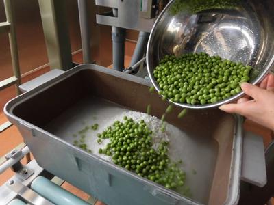 グリンピースを1つ1つていねいに見て、痛んで悪くなっているものがないかを確認します。
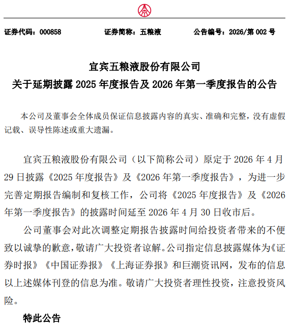 五粮液4月28日公告,公司原定于2026年4月29日披露《2025年度报告》及《2026年第一季度报告》,为进一步完善定期报告编制和复核工作,公司将《2025年度报告》及《2026年第一季度报告》的披露时间延至2026年4月30日收市后。
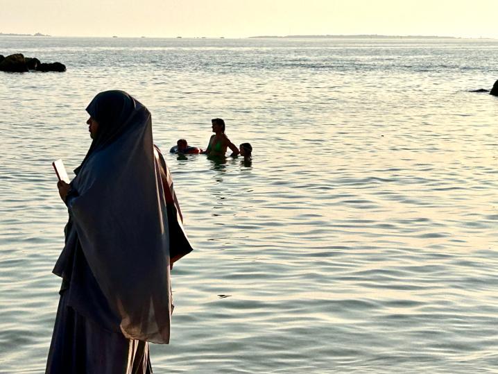 Tre migranti al tramonto prendono il fresco sotto un fico, in riva al mare seduti su una sdraio, in mezzo a un cumulo di rifiuti che spostano a mani nude per farsi spazio.
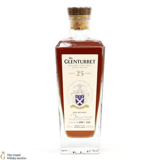 The Glenturret 25 Years Old is a limited expression created from six casks, each with a very different character. Stowed in Glenturret's traditional Dunnage warehouses for a quarter of a century. European oak brings rich fruit, aromatic spices and oak notes, American oak adds sweetness and vanilla with refill casks offering touches of citrus.
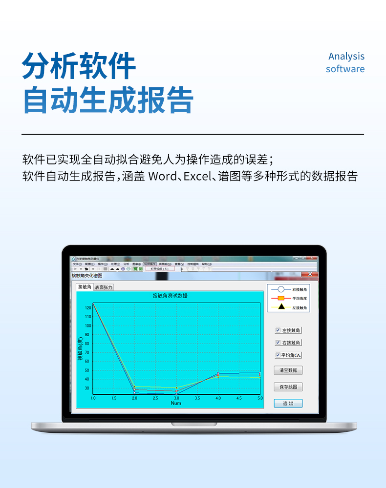 6.分析軟件功能強大:具備一鍵式全自動擬合能力,具備國際最領先的擬合方法,滿足各種液滴形態的精確擬合;
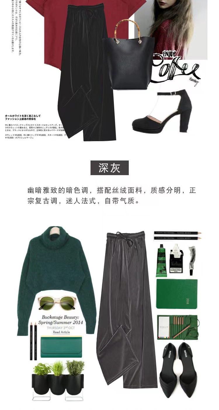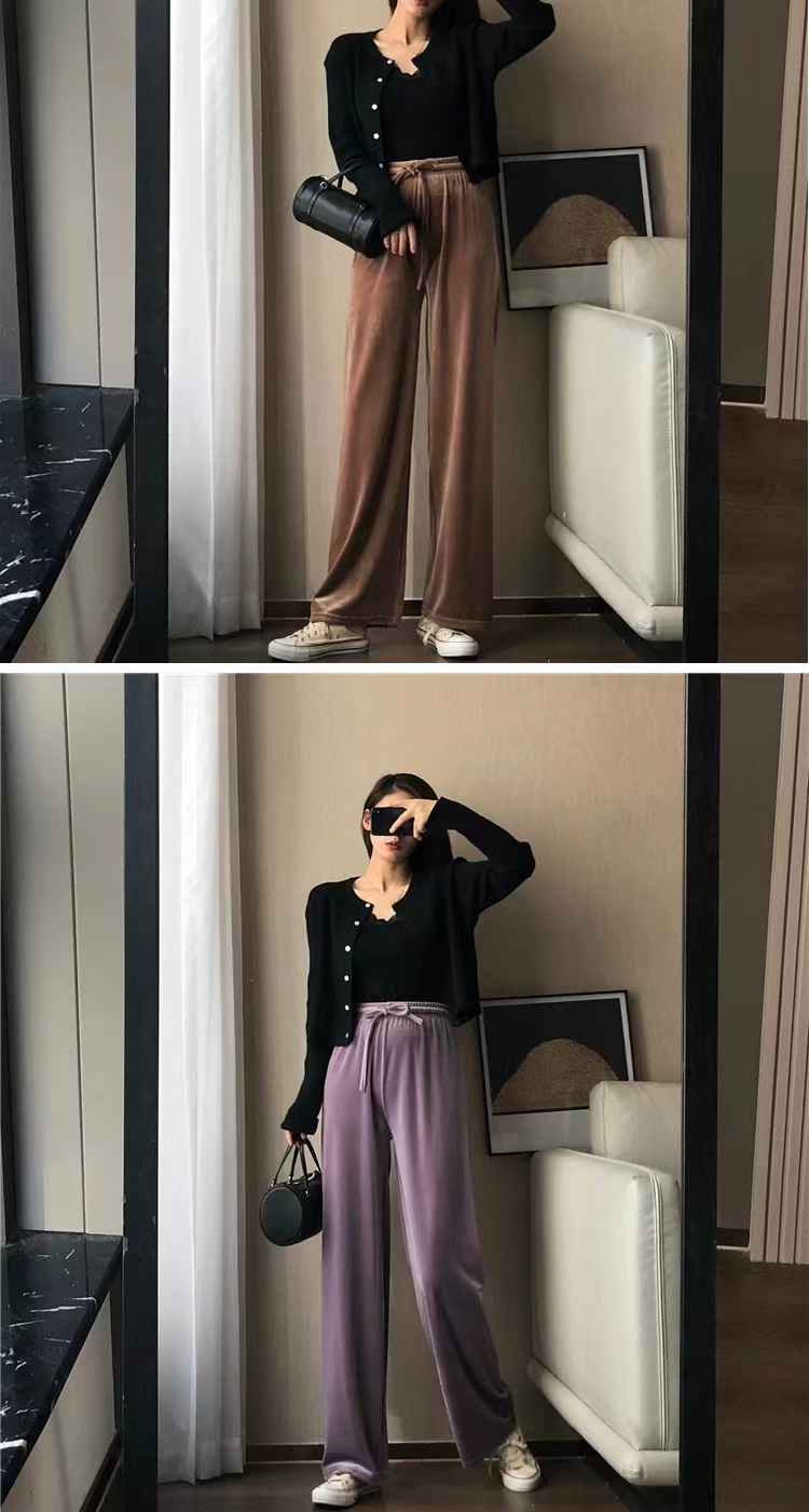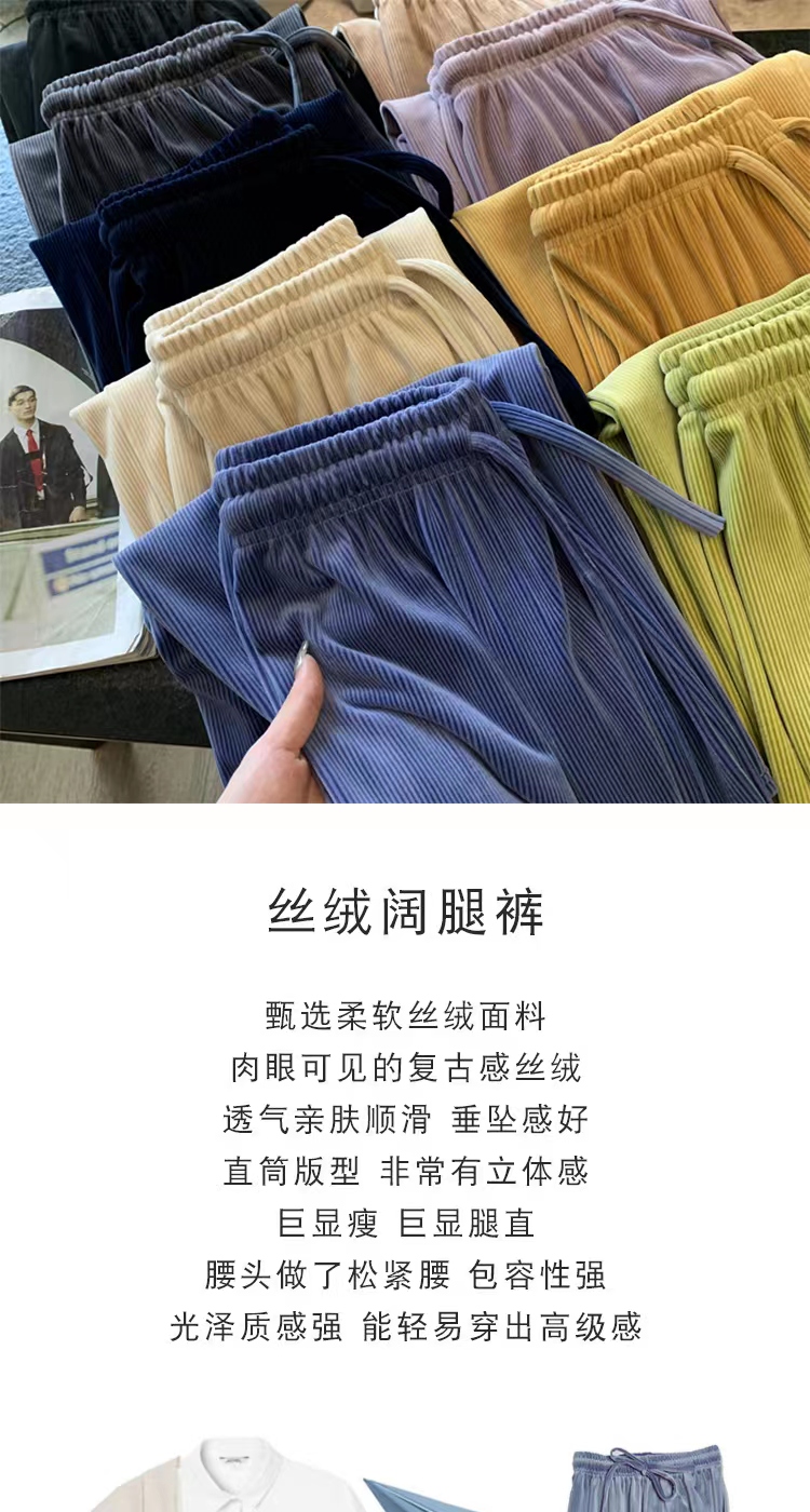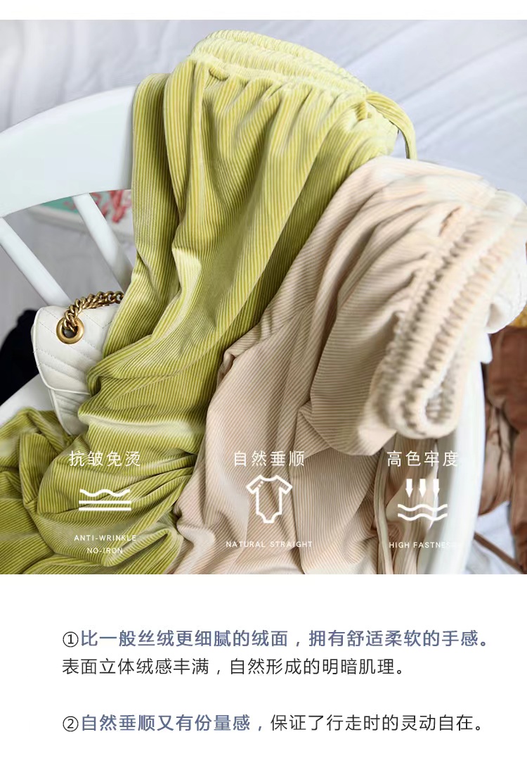 【一秒藏肉的入秋神裤】千吉娜Chinina 天鹅绒阔腿裤 时尚百搭 瘦百搭,贴合舒适,别致有型
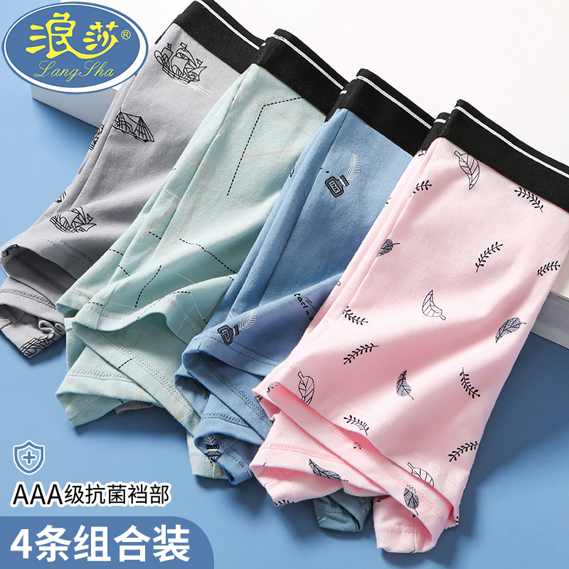 【产品名称:浪莎纯棉男士内裤U凸平角裤个性青年潮透气男生四角裤可爱短裤头】
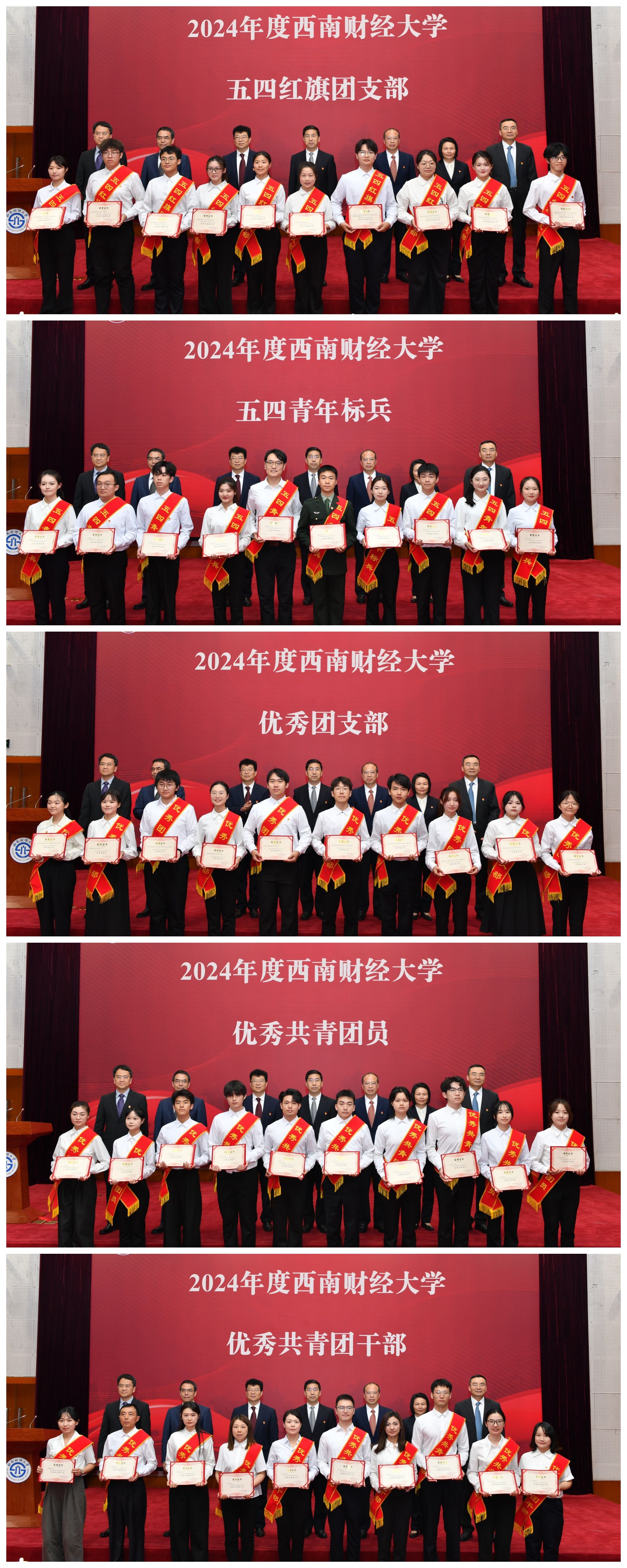 党委副书记谢红宣读《关于表彰2025年度“五四红旗团支部”“五四青年标兵”“优秀团支部”“优秀共青团干部”“优秀共青团员”的决定》。校领导为获奖集体和个人代表颁发荣誉证书。
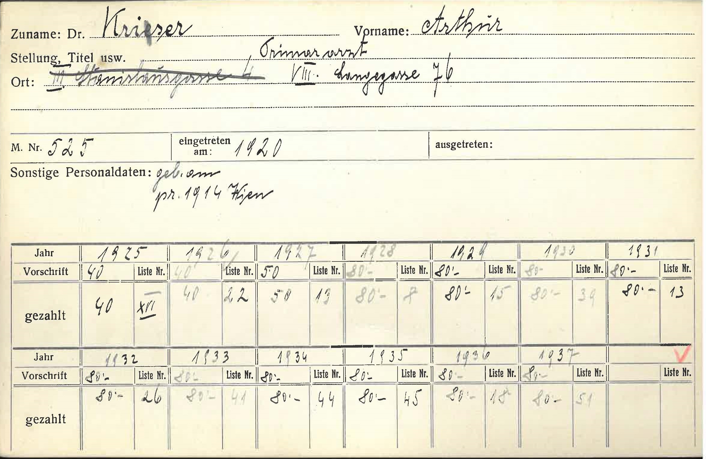 Arthur Kriser stirbt im Juni 1938 in Wien.
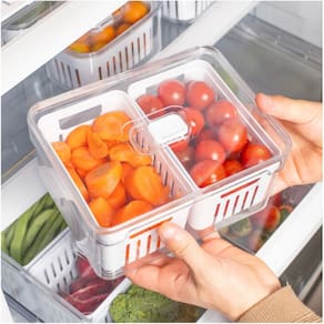 O organizador de geladeira Clear Fresh com cesto duplo 2,2L promove frescor prolongado para os alimentos, para uma rotina mais saudável e sem desperdícios. O sistema de ventilação mantém o nível de umidade ideal para cada alimento. A armazenagem com cestos evita que as frutas, verduras e legumes fiquem molhados após a lavagem, aumentando a durabilidade dos alimentos.
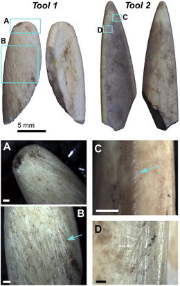 Amalyah Hart wrote in Cosmos: The secrets of the Kimberley bone tools’ use are inscribed onto them in patterns of wear and tear. By examining marks and breakages, the team inferred they were used for a range of activities, including the manufacture of plant fibre items, the processing of spinifex resin, and fish or bird hunting. “They were used for activities which typically do not survive archaeologically,” says Dr Langley. “One indicates plant or skin working (making baskets or working skins) while another appears to have been used in digging up or working resin. Resin was used to glue together tool parts and to make hand holds for tools.”
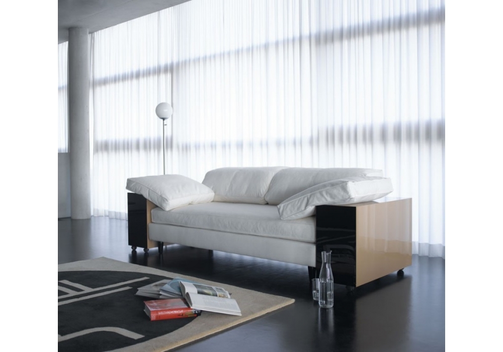 Lota von Eileen Gray für ClassiCon entworfen, ist ein schönes Sofa mit Gepolsteter Buchenrahmen mit Federkorb. Loses Sitzkissen mit Naturfederfüllung. Lose Rücken- und Seitenkissen mit Naturfedern und Stabilisatoren gefüllt. Seitenboxen auf Rollen aus MDF hochglanzlackiert. Vorder - und Rückseite immer schwarz. Bezug aus Stoff oder Leder.
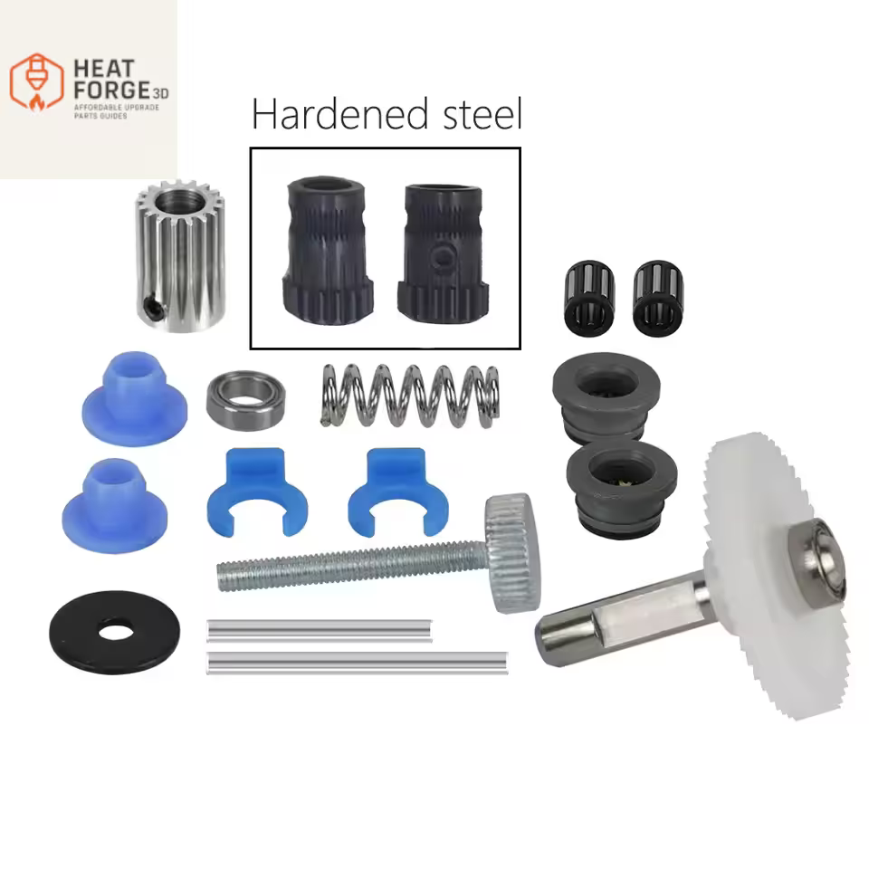 Karkaistut dual drive -hammasrattaat käsittelevät helposti kuluttavia ja joustavia filamentteja – täydellinen ratkaisu hiilikuitu-, pimeässä hohtaville ja muille kulutusta vaativille materiaaleille. Tarvitsetpa kokonaiskorvausta tai pelkkää ratassarjaa, tämä kit on suunniteltu kestämään pitkään.
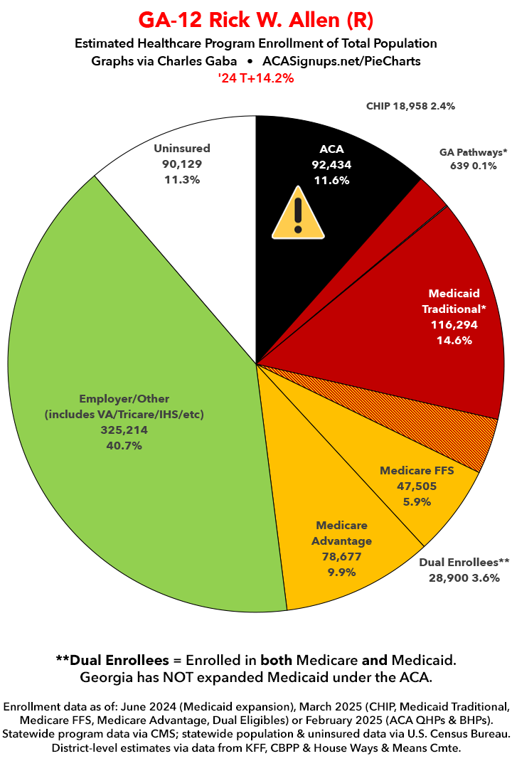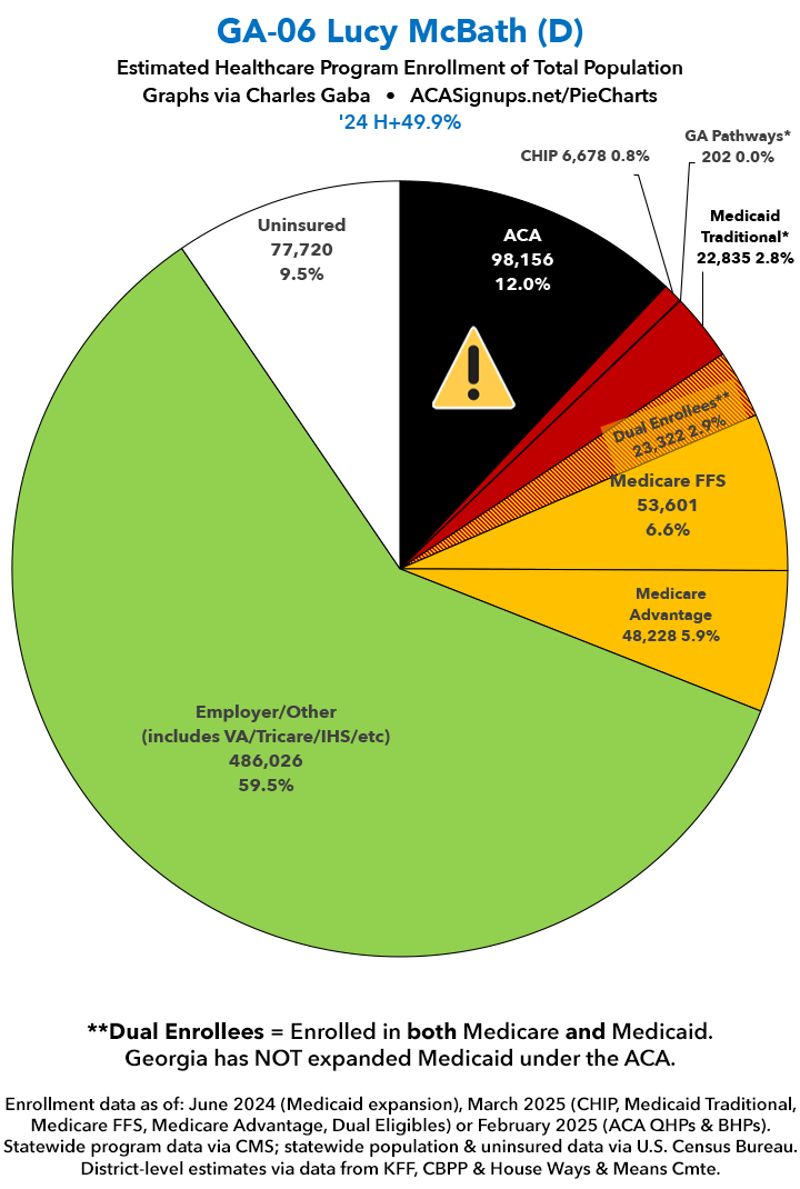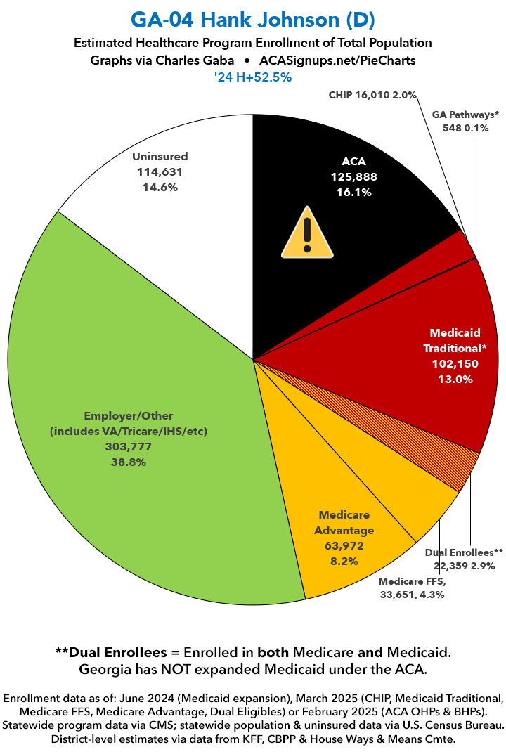 UPDATE 7/3/25: I've updated the web versions of the graphics with the most up-to-date enrollment data I have access to. The black sections w/the ⚠️ symbol are those most at risk of losing healthcare coverage due to H.R. 1, the "One Big Beautiful Bill Act" (aka the #MAGAMurderBill).

__________

(Exercise requirements):
Skipping the pictures, print the lines in the listing above exactly as written, starting at the line with "党委副书记谢红宣读《关于表彰" and ending at the line with "Arthur Kriser stirbt im Juni 1938 in Wien.", both included.

(Written solution):
 党委副书记谢红宣读《关于表彰2025年度“五四红旗团支部”“五四青年标兵”“优秀团支部”“优秀共青团干部”“优秀共青团员”的决定》。校领导为获奖集体和个人代表颁发荣誉证书。
 Arthur Kriser stirbt im Juni 1938 in Wien.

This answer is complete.